Ce phénomène a pour conséquence de gonfler un peu artificiellement les statistiques en matière d’emploi des personnes handicapées, et donc de masquer la réalité de la situation.
En outre, certaines administrations sont d’office exemptées de l’OETH sur le seul fondement de leur statut juridique. C’est notamment le cas des autorités administratives indépendantes, des diverses juridictions, des institutions étatiques telles que la présidence de la République ou même des assemblées parlementaires.
La Cour conclut ainsi : « Ce constat appelle une clarification indispensable du champ d’application de l’obligation d’emploi au sein du secteur public, qu’il s’agisse d’institutions de l’État ou de certains organismes sui generis. »
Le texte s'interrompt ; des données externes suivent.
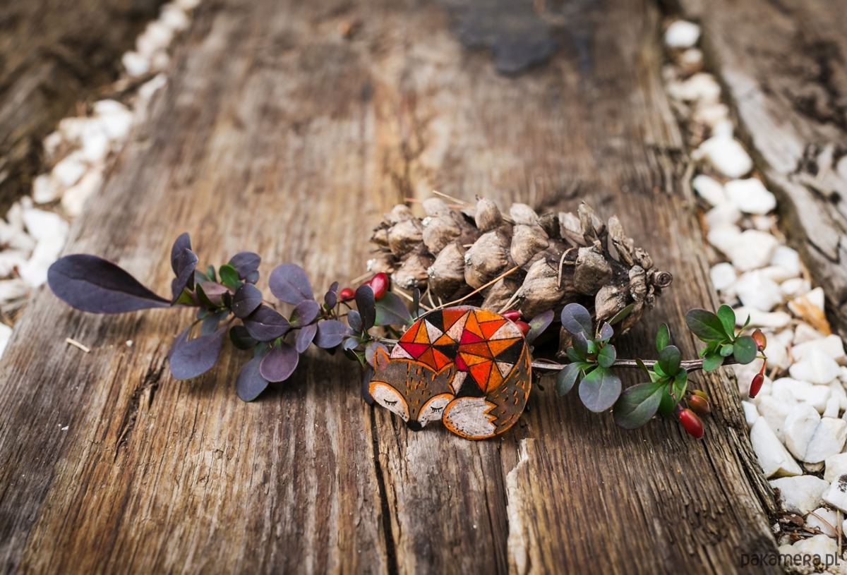 Piękna broszka ręcznie rysowana, zabezpieczona lakierem ekologicznym. Powierzchnia broszki jest błyszcząca.

Il semble d’autant plus impérieux d’appeler à cette clarification que la fonction publique a un devoir d’exemplarité en matière d’emploi des personnes en situation de handicap. Il serait incompréhensible et même intolérable que les autorités publiques prônent, à juste raison, une meilleure insertion professionnelle des personnes handicapées, tout en affranchissant certaines institutions et administrations de l’OETH. À l’avenir, il est donc impératif que le champ d’application de celle-ci soit le plus large possible et englobe l’ensemble des entités qui constituent le secteur public.
De surcroît, il faut bien avoir conscience que les difficultés d’accès à l’emploi des personnes handicapées se cumulent. Le profil des demandeurs d’emploi handicapés, établi par Pôle emploi en 2011, démontre ainsi que 53 % sont des chômeurs de longue durée – 39 % pour l’ensemble des demandeurs d’emploi –, que 41 % ont cinquante ans et plus – 19 % pour l’ensemble des demandeurs d’emploi –, que 83 % sont peu ou pas qualifiés – 58 % pour l’ensemble des demandeurs d’emploi.
Au regard de ces éléments, il ressort une priorité absolue : l’accompagnement. Cet accompagnement doit débuter très en amont, dès l’enfance et l’entrée dans le parcours scolaire. Sans trop m’étendre sur ce sujet qu’ont déjà abordé mes collègues, je veux néanmoins dire qu’il paraît essentiel de donner les moyens aux auxiliaires de vie scolaire individuels d’effectuer leur travail dans les meilleures conditions et au service de l’élève handicapé. Cela requiert notamment de leur prodiguer une meilleure formation et de revoir leur statut afin de leur assurer une véritable stabilité et, par là même, mettre fin à l’extrême précarité à laquelle ils doivent faire face.
En ce sens, je ne peux que souscrire à l’une des propositions du rapport rédigé par mes deux collègues, qui vise à « définir un véritable cadre d’emploi » et à « améliorer les débouchés professionnels » des auxiliaires de vie scolaire individuels. C’est ainsi qu’ils seront en mesure d’accompagner au mieux l’élève handicapé, de prendre en compte ses besoins, de parfaire son orientation, ses compétences et, in fine, son niveau de qualification.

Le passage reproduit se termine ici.